IgAV childhood patients have long-term risk of infections

Rare diseases

By Mardi Chapman

2 Jul 2019

A WA study of children presenting to hospital with IgA vasculitis has found that their severe infection rates are raised for decades compared to other children.

The infection rate – including sepsis, pneumonia, throat and skin infections – was 2.51/1,000 months for children with vasculitis compared to 1.13/1,000 for other children during 20 years of follow up.

On the question of whether infections may trigger the condition, the study found that URTI and throat infections were the only infections occurring at higher rates in IgAV patients in a two-year period prior to diagnosis

The study, led by Professor Johannes Nossent from the Sir Charles Gairdner Hospital and the University of Western Australia, said steroid use may confound the relationship between infections and IgA vasculitis (IgAV).
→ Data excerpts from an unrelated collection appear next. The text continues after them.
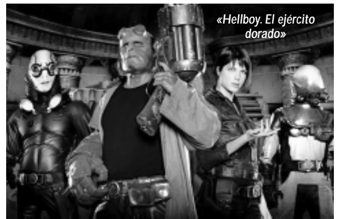
«Hellboy. El ejército dorado»

«007 Quantum of Solace»: La película comienza justo una hora después del final de Casino Royale. Tras la traición de Vesper, la mujer que solía amar, Bond decide rastrear la mente maestra que se encuentra detrás de la siniestra organización de White. Este seguimiento lo lleva a Haití, en donde se alía inesperadamente con Camille, una hermosa y pendenciera desconocida. Con Daniel Craig, Olga Kurylenko, Judi Dench, Gemma Arterton, Giancarlo Giannini y otros. Acción y suspense. AM13. 105 min.
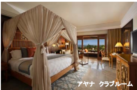
アヤナ クラブルーム
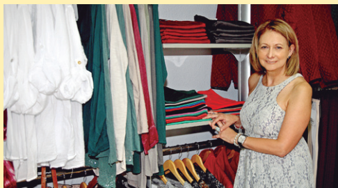
DONNA arropa denda
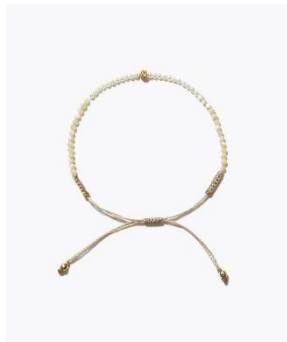
[I am donation] マザーオブパール ケシパール ダイヤモンド ブレスレット
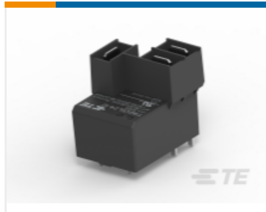
TE 产品编号1558671-5 T9GV1L24-18
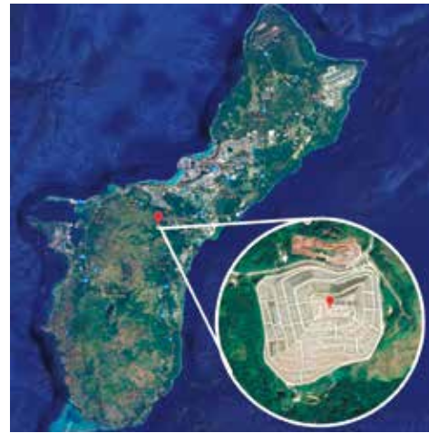
グアム島中部のOrdot廃棄物処分場、現在の様子。

2018年10月、米地裁は連邦政府に対して、グアム政府が負担した基地跡地の浄化費用のうち、1億6000万ドルの支払いを命じます。グアム政府が2004年の段階で、浄化費用の負担に同意していなかったことがその理由です。
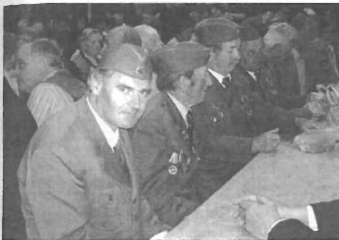
Nekateri borci so srečanje vzeli zares in se temu primerno tudi oblekli.
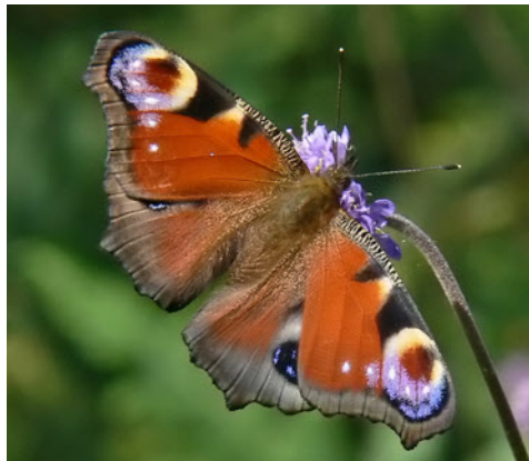
Påfågelögat hör till familjen praktfjärilar

Under en dag i maj, en i juni och en i juli gör vi utflykter till lovande fjärilslokaler. Problemet är att fjärilarna bara är ute och flyger när det är vackert väder. Vi måste vara beredda på att anpassa oss.
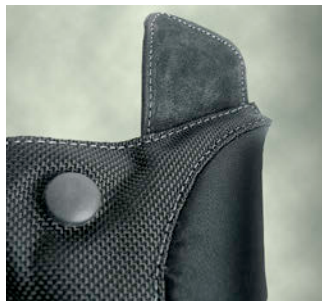
Courroies de transport
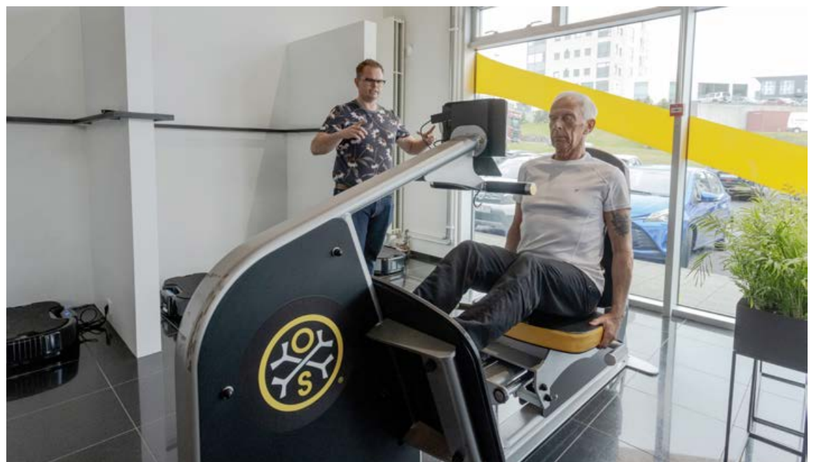
Með OsteoStrong ástundun bætir fólk styrk sinn og þol. Æfingarnar taka einungis 20 mínútur í hvert skipti.
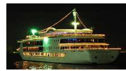
旅客不定期航路事業者 (遊覧船等)
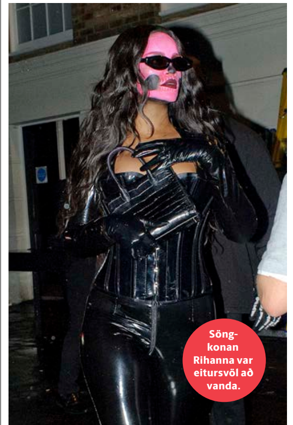
Söngkonan Rihanna var eitursvöl að vanda.
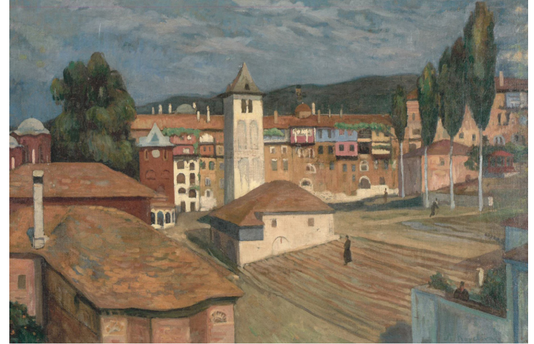
Η Μονή Βατοπαιδίου. Ελαιογραφία του Λυκούργου Κογεβίνα (Συλλογή Ε. και Γ. Δαλακούρα).

Μέχρι σήμερα η Βιβλιοθήκη της Μονής Μεγίστης Λαύρας στεγάζεται στο αυτόνομο κτίριο του 1870 που επεκτάθηκε κατά δύο κεραίες το 1958. Από το 1983 έως το 2018 πραγματοποιήθηκε από το Κέντρο Διατήρησης Αγιορειτικής Κληρονομιάς μια σειρά επεμβάσεων και ανακαινίσεων, διαμόρφωσης και λειτουργικότητας των χώρων όπου στεγάζεται το παλαιό σκευοφυλάκιο και η βιβλιοθήκη των χειρογράφων, αλλά και των εντύπων, τόσο των παλαιτύπων όσο και των νεότερων. Στο ανατολικό τμήμα της βόρειας πτέρυγας του 1984 λειτούργησε η νέα βιβλιοθήκη των σύγχρονων εντύπων.
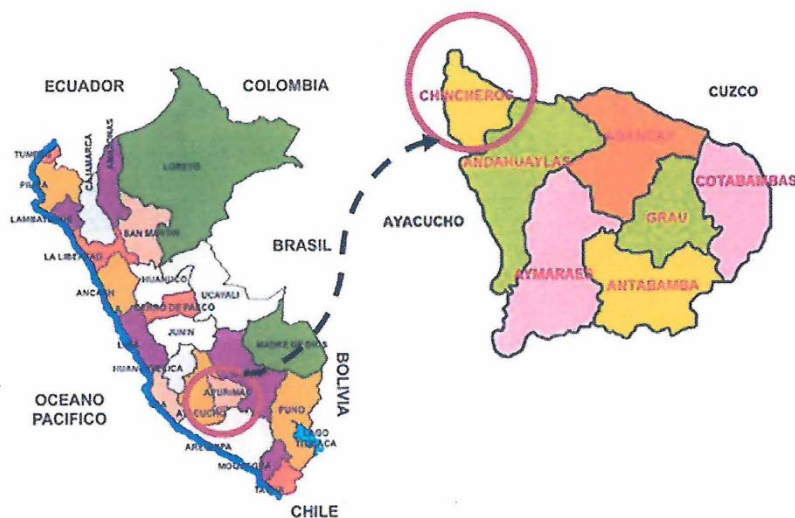
IMAGEN N° 2: UBICACIÓN DISTRITAL Y LOCAL (DISTRITO DE ONGOY)
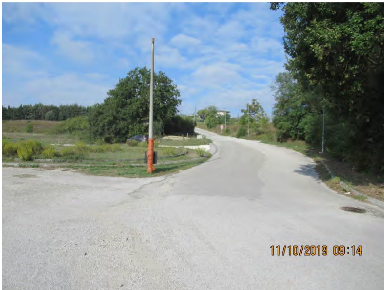
VISTA AREE DI PL
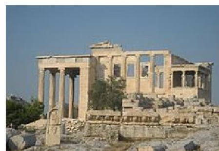
Rysunek 6: Erechtejon: widok z drugiej strony.
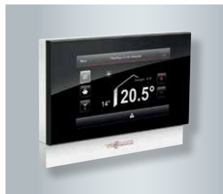
Commande à distance Vitotrol 350 avec écran tactile pour la pièce d'habitation

L'écran tactile Vitotrol 350 permet de commander la chaudière bois à gazéification depuis la pièce d'habitation. Le grand écran 5" au format 16:9 permet d'utiliser la commande très facilement. Il est possible également de remplacer le module de commande intégré dans la chaudière par la version avec écran tactile.
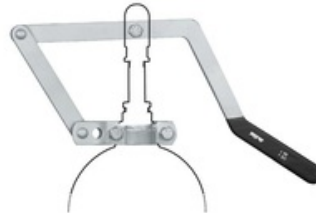
RIV 151 Hebelgarnitur mit Öffnungssperrvorrichtung Perla / Diamante / Centurion / Vulcano Serie
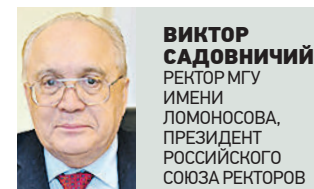
Виктор Садовничий Ректор МГУ Имени Ломоносова, Президент Российского Союза Ректоров первый микрофон

Огромные преобразования претерпевает и система целевого набора студентов. Существенное влияние в этой области оказало постановление правительства, согласно которому каждый университет обязан выделять 10-20 процентов бюджетных мест на студентов, приходящих с направлением от определенной организации. И если в целом конкурс представляет из себя около семи человек на место, то здесь отбор будет внутренним и чуть более лояльным.
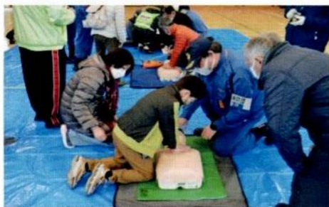
AED訓練 心臓マッサージ
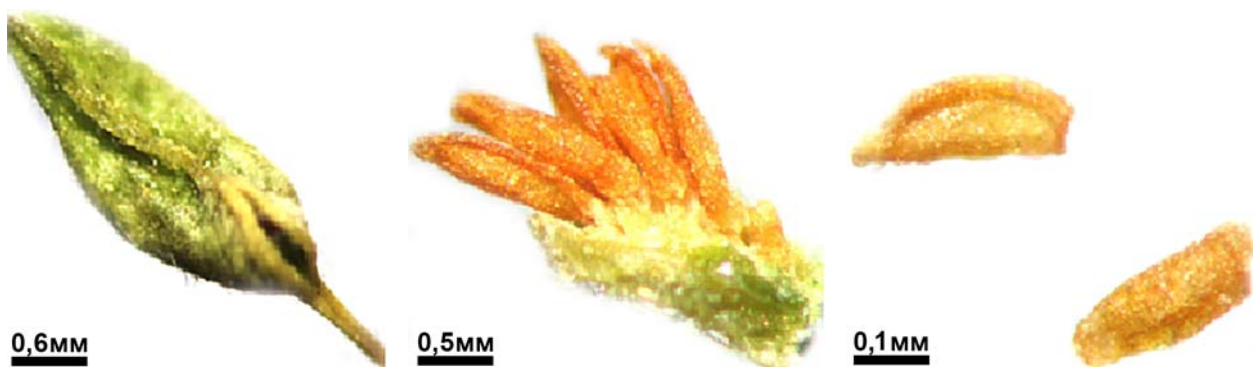
Рис. 5. Плід Spiraea polonica (збільш. у 20 разів) та насінини Spiraea polonica (збільш. у 50 разів)

В колекції дендропарку з 2005 р., на теперішній час 4 біогрупи займають площу біля 50 м 2 . Листопадний чагарник 1–1,5 м заввишки, в умовах дендропарку розмножується насінням і дає паростки. Плід – опушена рідкими волосками, продовгувато-яйцеподібна, жовтувато-зелена листянка з ніжкою, яка відкриваються по вентральному війчастому шву із черевного боку, 3 мм завдовжки, дозріває у першій половині липня. Насінини ланцетоподібні, трохи зігнуті, з борозенками, жовтувато-бурі, дрібні, 0,4 мм завдовжки (рис. 5).

“In spite of this, we demonstrate that IgAV patients remain a higher risk for further infections for at least twenty years post diagnosis,” the study authors said.

“Treatment for IgA vasculitis is usually very short term because it is considered self limiting but the fact that the immune response has been altered in producing a vasculitis indicates there has been antigenic change … that seems to lead to a continued deficiency in clearing, especially, respiratory infections for which IgA is the major player,” Professor Nossent told the limbic.

He said immunosuppression for other conditions such as giant cell arteritis was often for several years or more. However in all types of vasculitis, having better biomarkers of response could help optimise treatment and potentially minimise steroid use.

“Most of them [patients with vasculitis] are difficult to treat because we have very few specific biomarkers to see how they are going. We use non-specific inflammatory markers to see if there is an increase in inflammation in the blood vessels. We use PET scans to look at the larger vessels but PET scans have only limited resolution so we can’t look at the smaller vessels.”

“We are doing the best we can with the limited options in terms of seeing how active the inflammation in the blood vessels is.”

He said alternative treatments would also be difficult to identify until there was a better understanding of the conditions, for example how IgA molecules and mucosal structures are altered in IGA vasculitis.